TASK DIRECTIONS: For this task, output exactly the lines of the material below starting at the line with "女折叠学生随身便携镜子带灯补光led化妆镜宿舍桌面台式梳妆镜" and ending at the line with "商品名称:(总)朴尔家纺-毛巾被 2024新款国际时尚风防羊毛手工缝制针织毯"; pictures are to be excluded.

DATA:
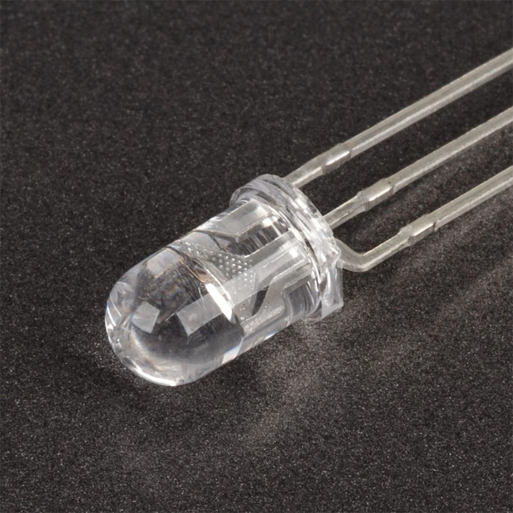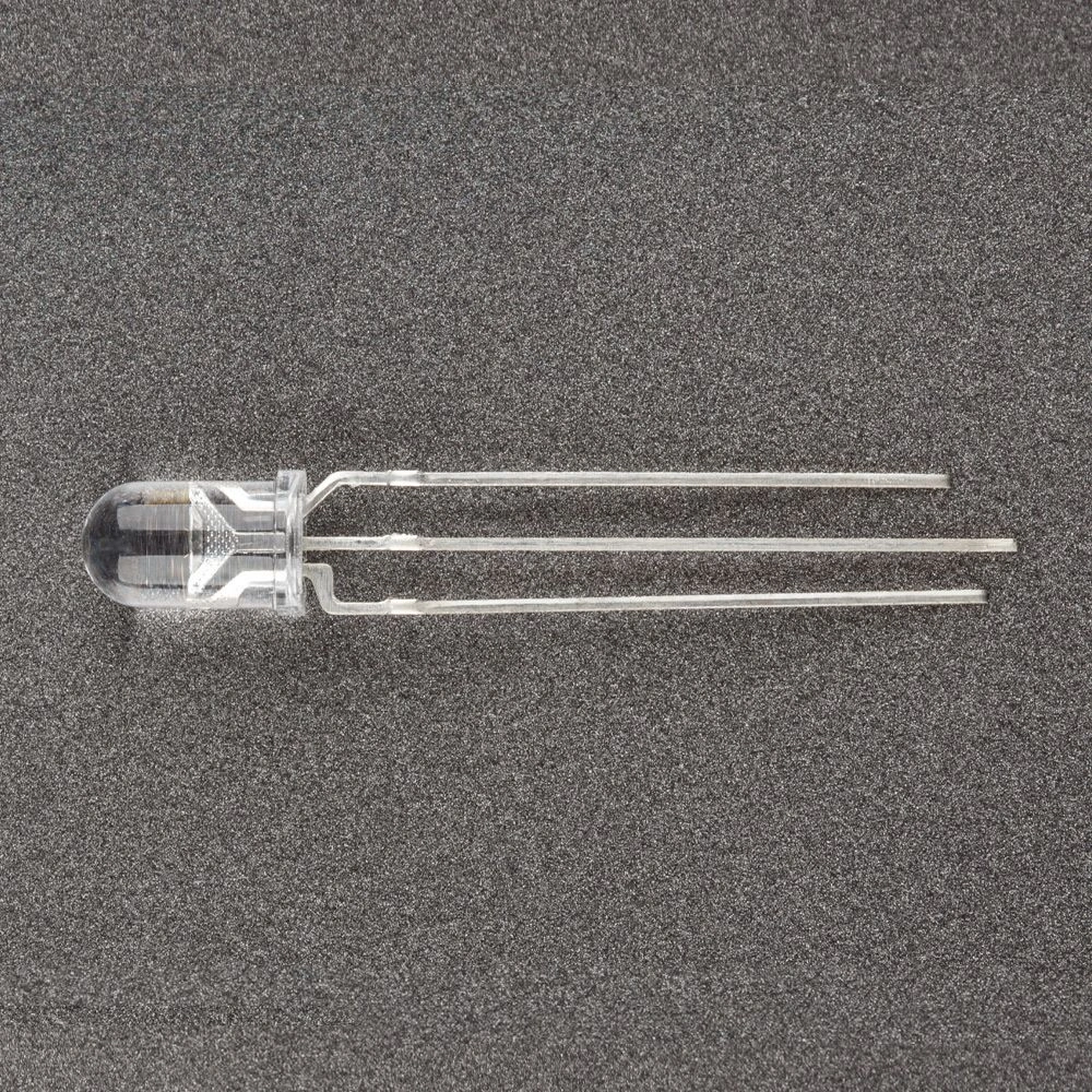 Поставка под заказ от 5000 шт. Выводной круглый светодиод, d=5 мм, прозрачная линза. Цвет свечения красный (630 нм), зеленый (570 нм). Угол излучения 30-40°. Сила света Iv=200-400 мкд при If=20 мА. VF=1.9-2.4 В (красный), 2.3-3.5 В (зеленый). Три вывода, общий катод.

==

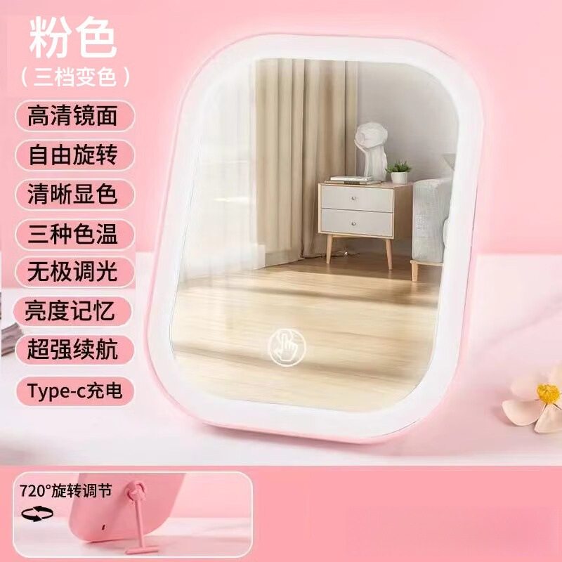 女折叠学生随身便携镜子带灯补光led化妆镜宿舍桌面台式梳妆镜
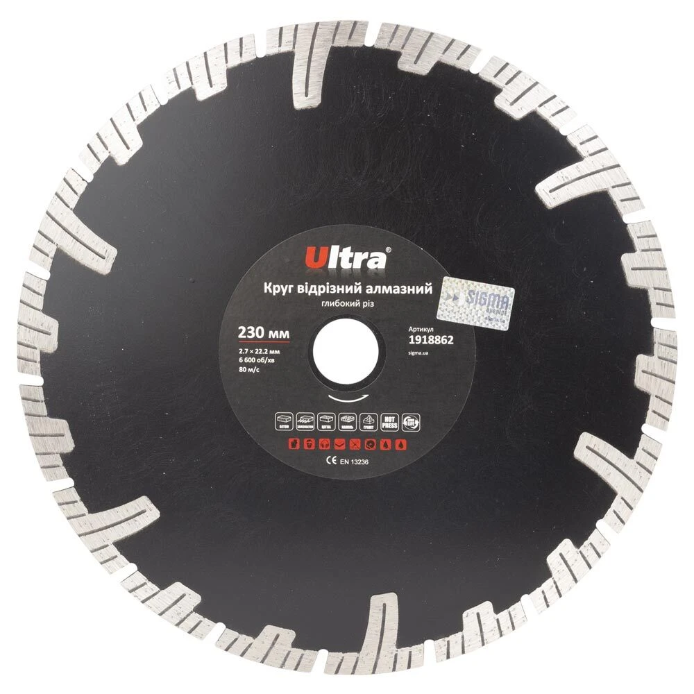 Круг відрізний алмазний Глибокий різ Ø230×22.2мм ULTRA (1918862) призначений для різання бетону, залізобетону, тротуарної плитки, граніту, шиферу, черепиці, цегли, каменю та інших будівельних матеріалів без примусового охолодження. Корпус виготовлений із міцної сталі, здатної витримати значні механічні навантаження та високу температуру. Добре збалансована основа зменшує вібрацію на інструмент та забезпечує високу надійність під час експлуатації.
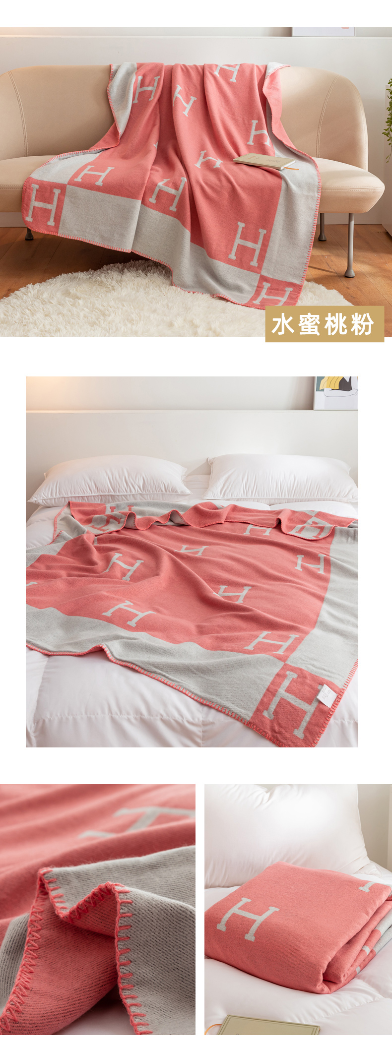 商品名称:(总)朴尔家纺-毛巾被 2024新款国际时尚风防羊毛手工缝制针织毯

REPLY TO THE EXERCISE:
 女折叠学生随身便携镜子带灯补光led化妆镜宿舍桌面台式梳妆镜
 Круг відрізний алмазний Глибокий різ Ø230×22.2мм ULTRA (1918862) призначений для різання бетону, залізобетону, тротуарної плитки, граніту, шиферу, черепиці, цегли, каменю та інших будівельних матеріалів без примусового охолодження. Корпус виготовлений із міцної сталі, здатної витримати значні механічні навантаження та високу температуру. Добре збалансована основа зменшує вібрацію на інструмент та забезпечує високу надійність під час експлуатації.
 商品名称:(总)朴尔家纺-毛巾被 2024新款国际时尚风防羊毛手工缝制针织毯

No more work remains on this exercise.